2. Second, reserve the TCP domain as well - we'll use this for connecting to the cobalt strike teamserver
3. Once the DNS record is live and you see the "Correct" status similar to in step 1, test it out by running ngrok with the hostname flag and navigating to your custom domain (you'll see an error if apache isn't running, but everything is working)
./ngrok http -hostname=[your custom hostname] 80
- With this working, we'll want to create our SSL cert and keep ngrok running for HTTP verification. Clone down HTTPsC2DoneRight.sh
2. This will help us install a certificate. You could also just use certbot
certbot certonly --standalone --preferred-challenges http -d [domain]
3. To test out the certificate, run ngrok with the tls flag
./ngrok tls --hostname=[your custom hostname] 443
- This will use the local certificates that we just installed so if you're adding more subdomains or other options, YMMV
- It's recommended to use a config file to start the tunnels you need. This will allow you to run multiple tunnels at once
4. Create a config file similar to the following. You'll need to enter your auth token. Also comment out the auth lines if not using (# is a comment in yaml):
# auth: testuser:testpassword
hostname: [your custom hostname]
# auth: testuser:testpassword
hostname: [your custom hostname]
remote-addr: [redacted - TCP Address from ngrok dashboard]
- You may want to add in a section for file sharing to make it easier for a system to reach out to grab a payload (Serving Local Directories - https://ngrok.com/docs#http)
5. Call ngrok with the config file and specify the tunnels you want to start
./ngrok start -config myconfig.yml httpBeacon httpsBeacon teamserver-access
- It's important to note the variables after the config file are the tunnels you want to start
- If all works correctly, you'll see the following:
Next, we'll want to create our beacons on the teamserver.
- Open a new tab and start up the teamserver with any settings you want (use the local IP address for the system (ex. 192.168.1.10, not the external IP address)
- It is recommended to use a malleable profile for this step
- Run cobalt strike and connect to it using the remote-addr address in the config file above
4. Create an HTTP(S) beacon with the host and stager pointing to your custom domain. This process will be almost the exact same for each beacon other than the HTTP C2 Port
HTTP Authentication (Use IP Whitelisting Instead)
If you enabled HTTP authentication in your ngrok yaml file, you'll have to modify a few things. Another way around this is to use IP whitelisting within the ngrok dashboard (probably a better option).

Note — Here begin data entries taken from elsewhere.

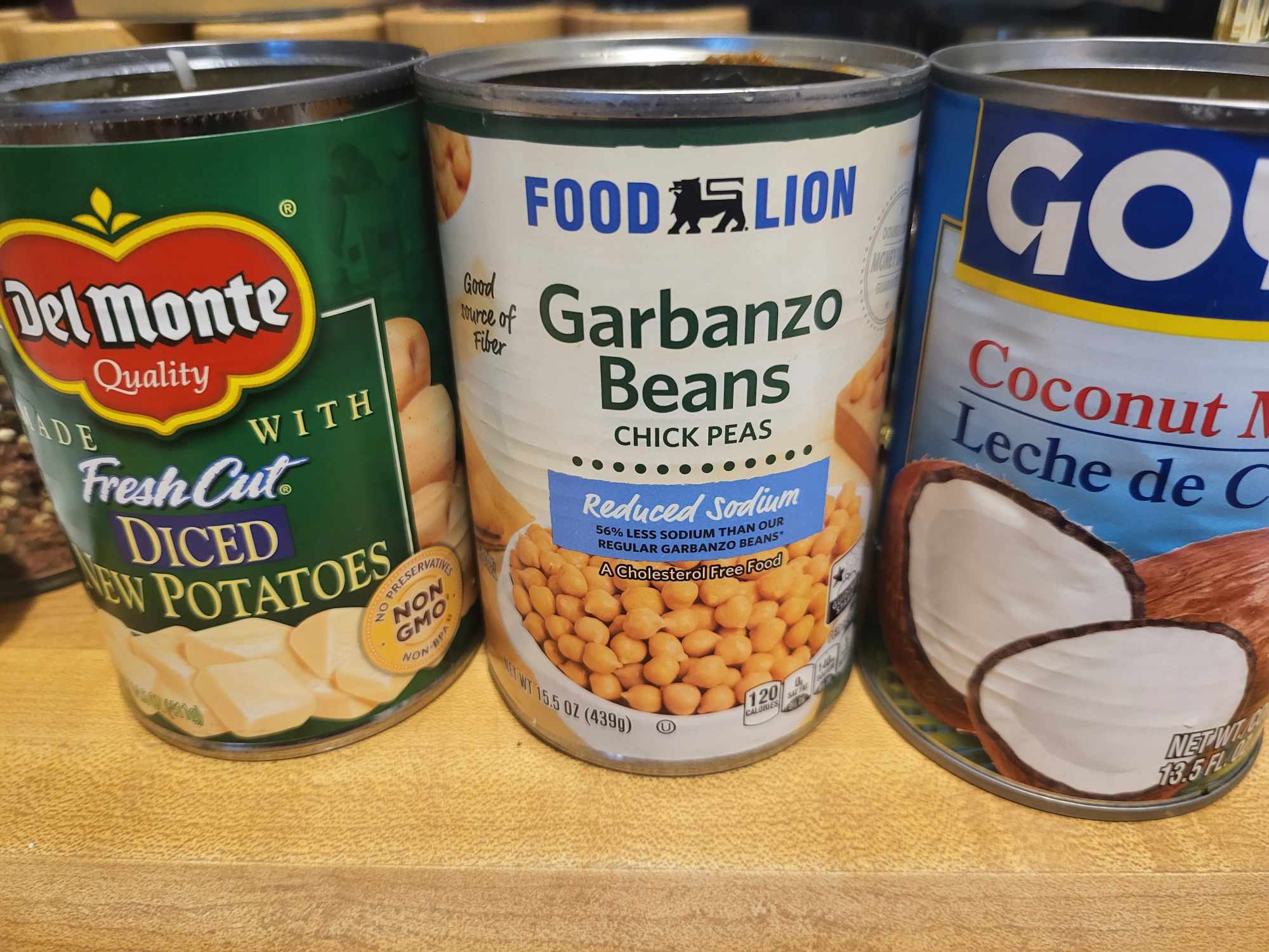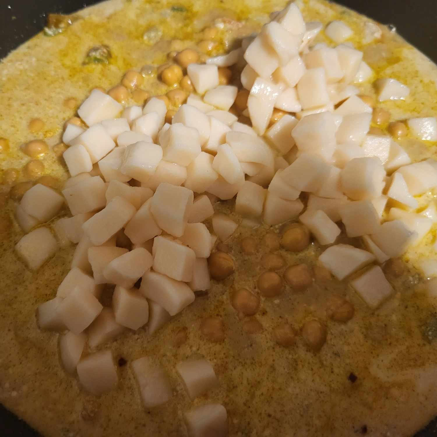 - Add coconut milk, 1 cup of water, chickpeas, and potatoes. Stir to combine the mixture.1 can Coconut Milk, 1 can Garbanzo Beans (Chickpeas), 1 cup water, 1 can diced potatoes, drained and rinsed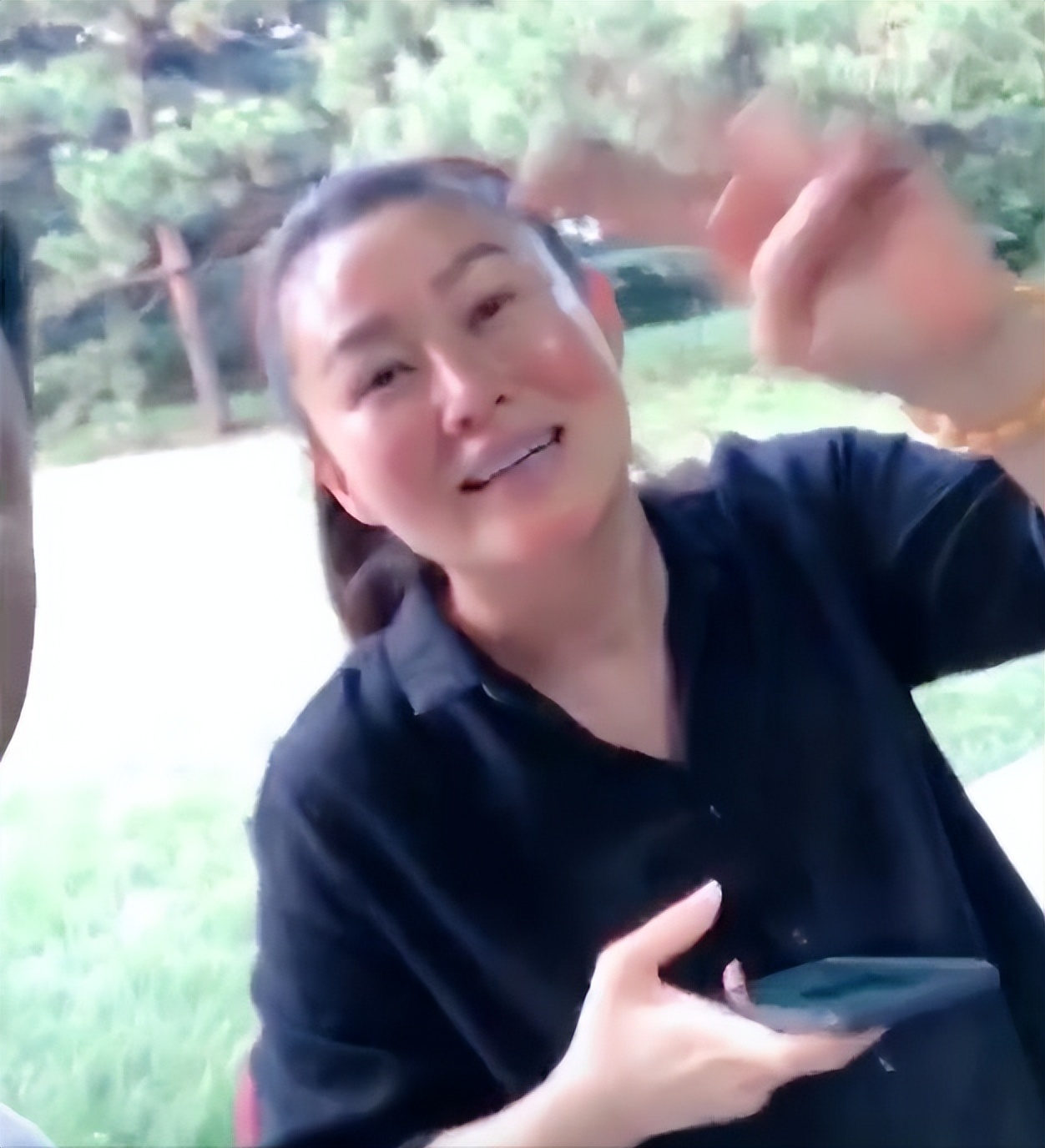 视频里穿着朴素、未施粉黛的她看起来跟寻常大妈没什么区别。
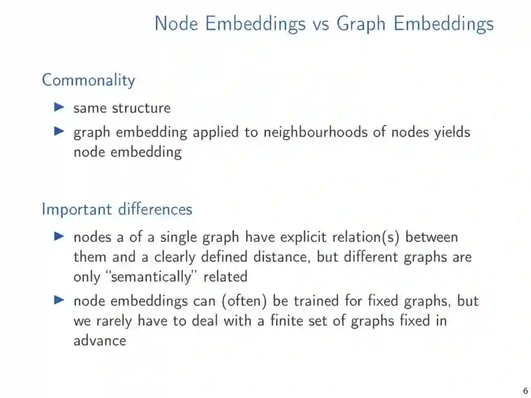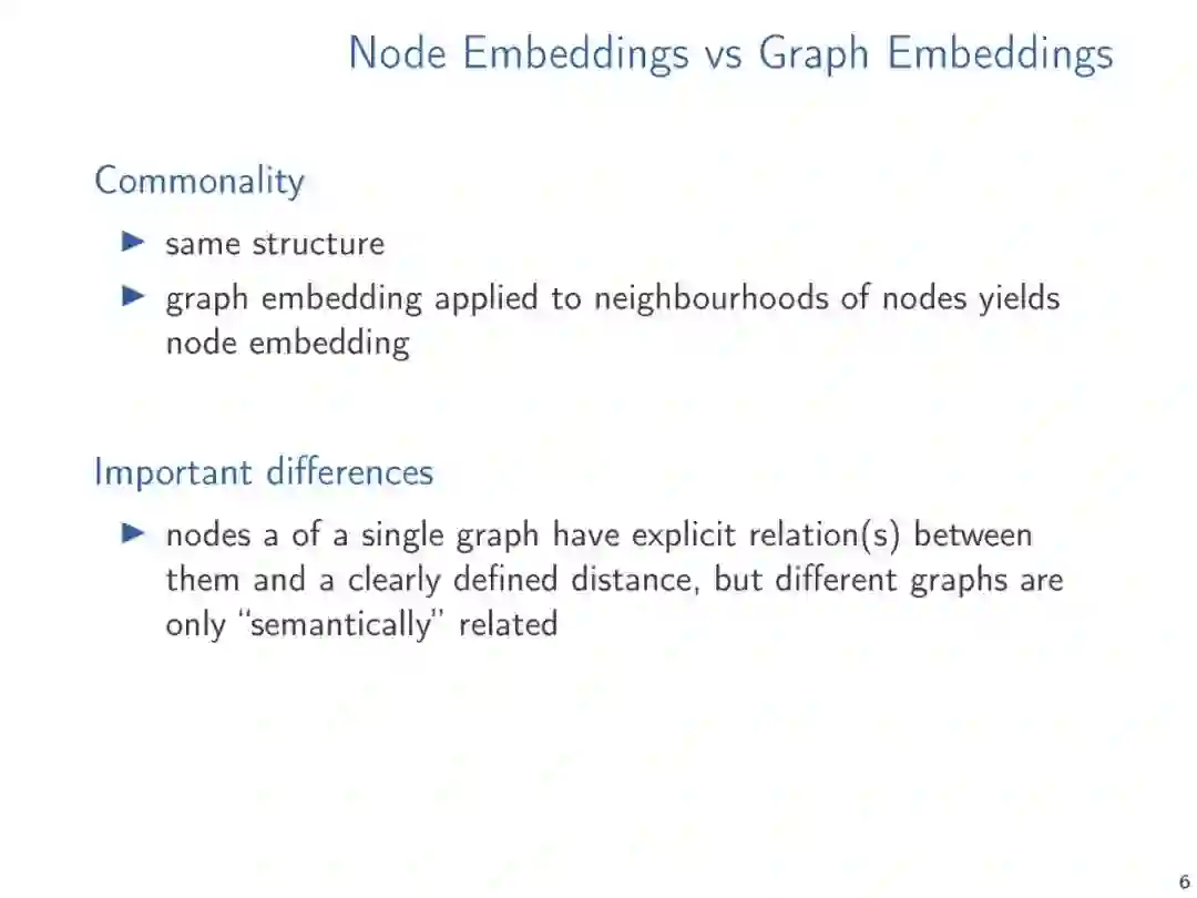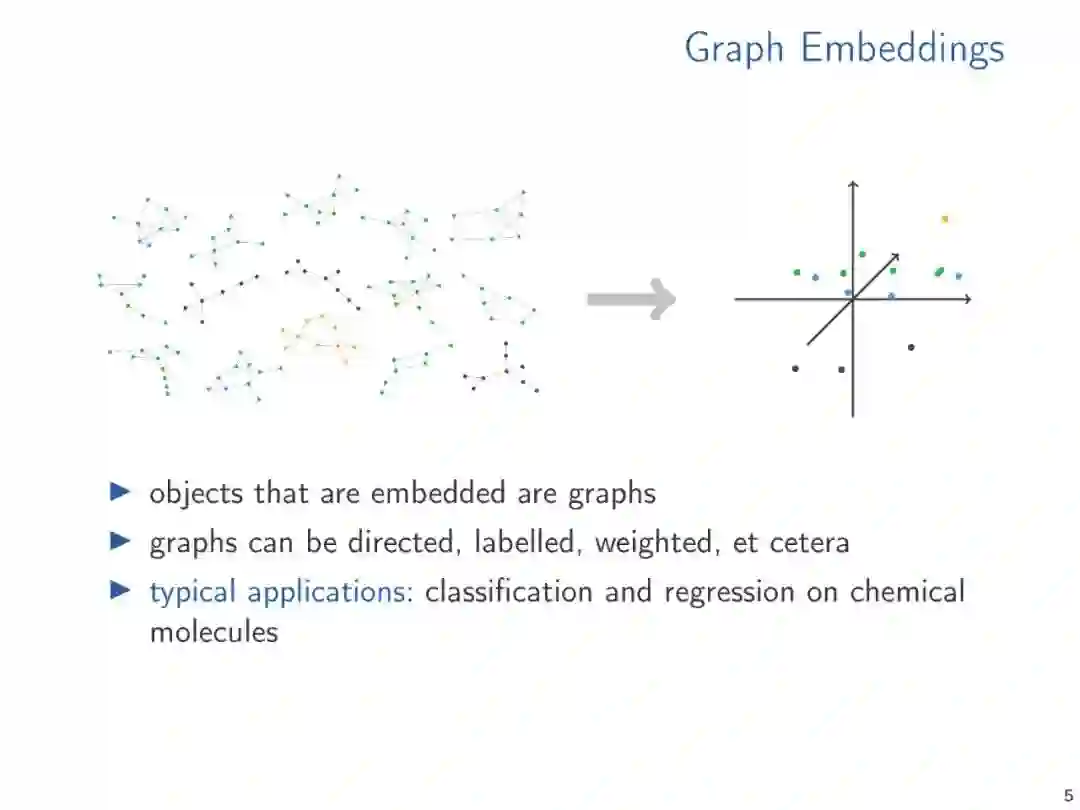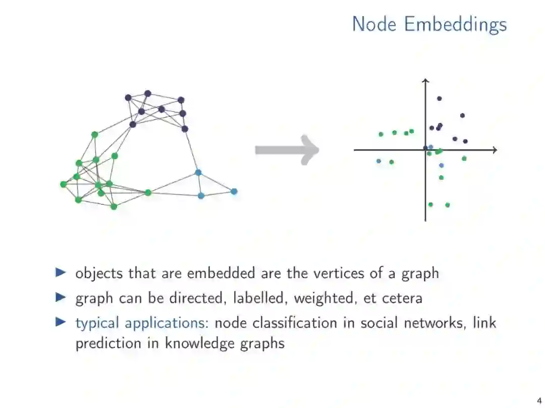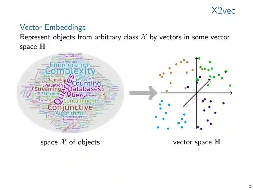 典型机器学习算法需要将通常是符号数据表示为数字向量才能在结构化数据上计算。数据的向量表示从手工设计特征到学习表示,或者通过专用的嵌入算法计算,或者通过像图神经网络这样的学习架构隐式计算。机器学习方法的性能关键取决于向量表示的质量。因此,有大量的研究提出了广泛的矢量嵌入方法用于各种应用。这些研究大多是经验性的,通常针对特定的应用领域。考虑到主题的重要性,关于向量嵌入的理论工作少得令人惊讶,特别是当它表示超越度量信息(即图中的距离)的结构信息时。

- Change the protocol in the ngrok config file above from "tls" to "http" and uncomment the auth lines
- Enter that info into beacon's HTTPS Proxy settings
- Should be similar to: http://testuser:[email protected]:80
- Start up Burp and a proxy, grab that URL that it spits out in the beacon setup, and enter it in your browser
- It should capture a request with an Authorization header. Grab that line and place that in your malleable profile for both the GET and POST blocks
- Hardcoding sucks, I know but this is the only way I could get it working for now. Other thoughts welcome
7. Go into the proxy settings again for the beacon and reset the info so it's all blank
8. Repeat the previous steps for the other beacon you want. You can skip the proxy auth step since you should already have that within the profile for all beacons
9. Test everything out. If using basic authentication, you'll need to generate a stageless payload. If not using any auth, you can just use a PowerShell one-liner and you'll see something like what's below.
Hopefully everything is working at this point. Remember to keep your VM up and the ngrok service running.